Sonunda mezar açıldı.
Kefen yok ya da erişimiz…
Vücut bütünlüğü bozulmuş…
Kabirde poşet çıkmış.
Münevver Karabulut Cinayetinin sorumlusu olan Cem Garipoğlu’nun mezarlığında bahsediyorum.
Ülke gündemi basının ısrarlı yaklaşımı sonucu firari olan sanığın yüzlerce gün sonra teslim olmuş.
Suçlu bulunmuş…
Ceza almış…
İnfazı sırasında da intihar ederek hayatına son vermiştir.
Kül kedisi hikayesi gibi…
Zengin oğlan…
Fakir kız…
Adalet sadece garibana işler ön yargısının yıkıldığı bir dava…
Ha deseniz ki basın bu kadar bu olayın üstüne gitmesi nasıl olurdu diye…
Olan oldu…
Adalet yerini buldu…
Ve fakat hala koca bir kitle Cem’in ölmediğini düşüyor.
Nasıl düşünmesin…
İntihar etmeden önce dil öğrenmeye çalışmış…

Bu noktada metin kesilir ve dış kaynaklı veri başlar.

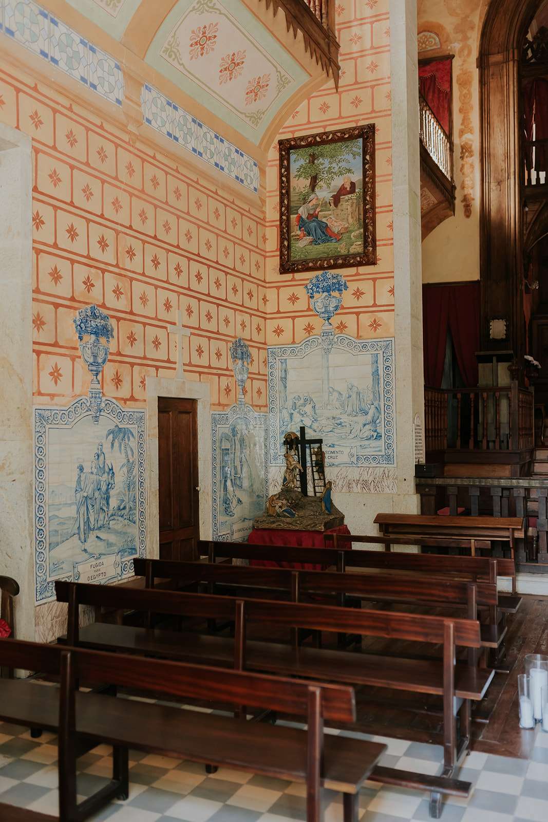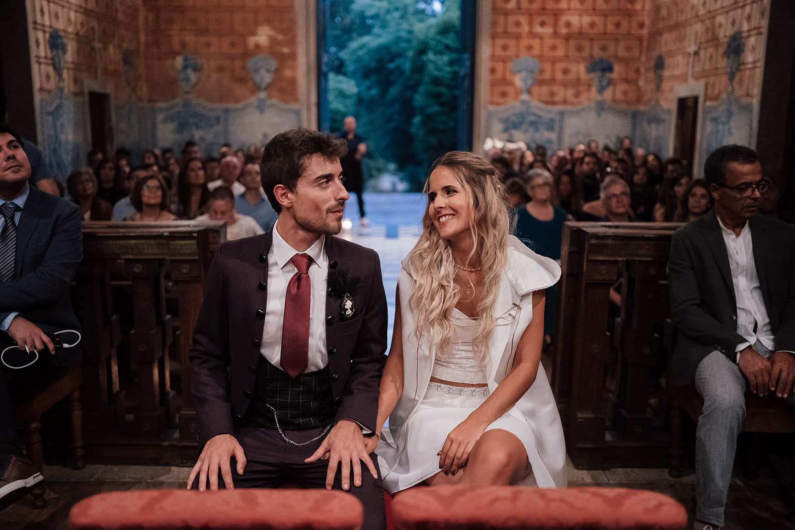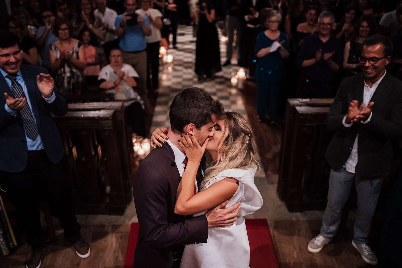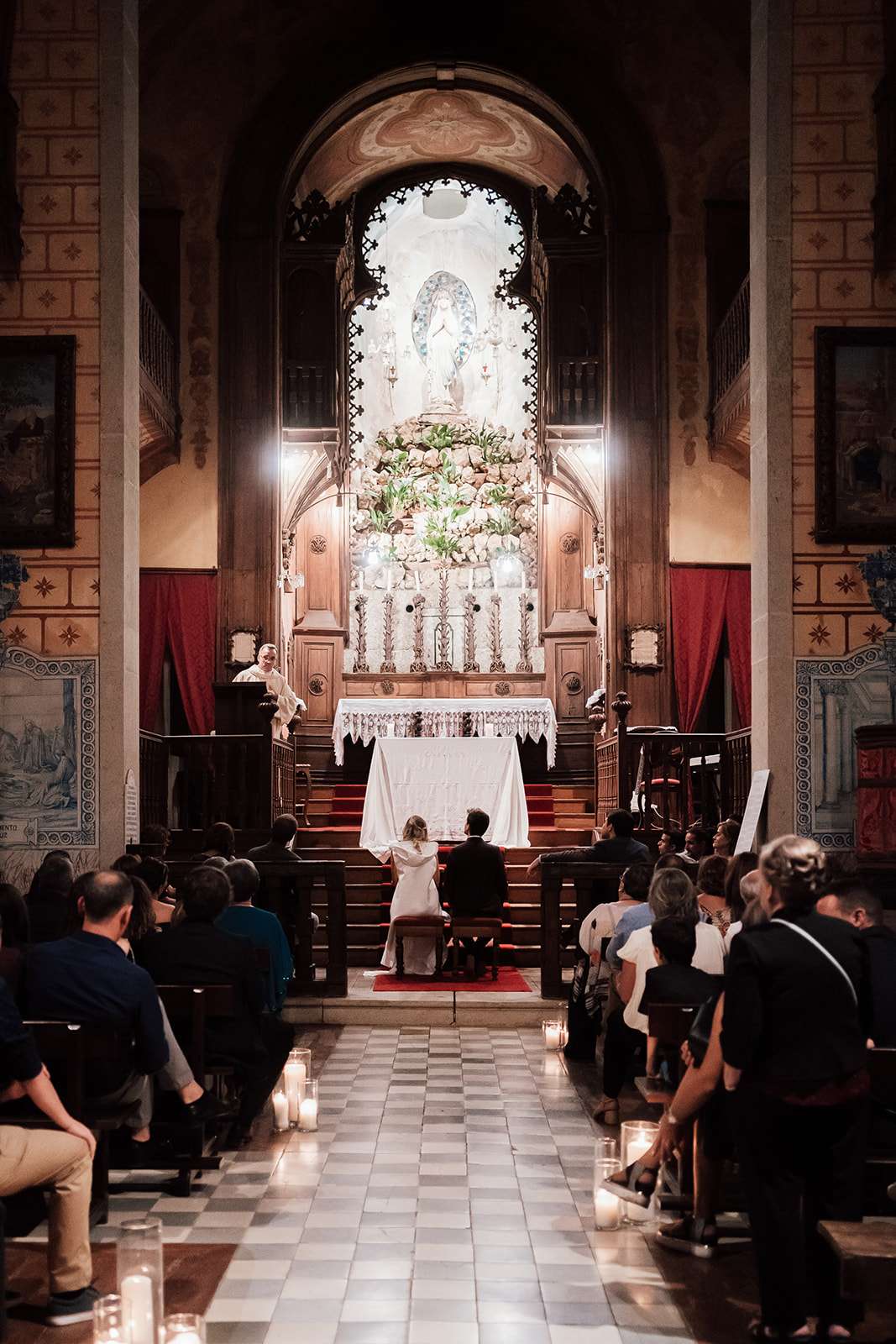 After a cocktail hour outside, the ceremony was held at Quinta da Costeira Church. It was dark when they exited (lit by lanterns held by their guests) and then they went straight into the dinner and party. “Our dog was there for the all ceremony so they witnessed our wedding vows and delivered the rings. To finish, we exit the church

Ailesine “beni buradan çıkarın” demiş…
Psikolog intihar edecek gibi gözükmüyordu demiş…
Yok poşet çıktı…
Yok kemikler şöyleydi.
İşte adli tıp uzmanları bilimsel yollarla yaptığı örneklerle karşılaştırmasında sonuç yüzde 99.9 mezarda ki Cem diyor…
Bu kadar açık ve net!
Sonra bir bakıyorum bazı insanlara diyorlar ki “ sende bunu yedin”
Allah Allah…
Yahu neye inanacağımı şaşırdım..
Galiba biz adaletin yerini bulduğuna inanmakta zorluk çekiyoruz.
Cem’in ailesi çok güçlü ve nüfuzlu ya; çocuğu oradan alıp kaçırmıştıra inanmak istiyoruz.
Çocuk şimdi Çin de ya da Rusya da günün gün ediyora inanmak istiyoruz.
Şimdi böyle düşünenlere kızmak lazım.
Biz sonrada ne olaylar öğrendik…
Bana fikrimi soruyorsanız ki bu hoşunuza gitmeyecek; ben o çocuğun öldüğüne inanıyorum.
Adaletin yerini bulduğunu düşünüyorum.
Ölerek değil yani süreç doğru ilerledi manasında…
Cem’in ailesi ise biraz gıcık vermiş…
Suyu bulandırmış…
Kanepe falan…
Mağdur aile ve onun Avukatına oyun oynanmış…
Mış gibi yapılmış…
Hepsi bu…
Genç bir kız öldü…
Genç bir oğlan cezasını çekti…
Adalet herkes için işledi…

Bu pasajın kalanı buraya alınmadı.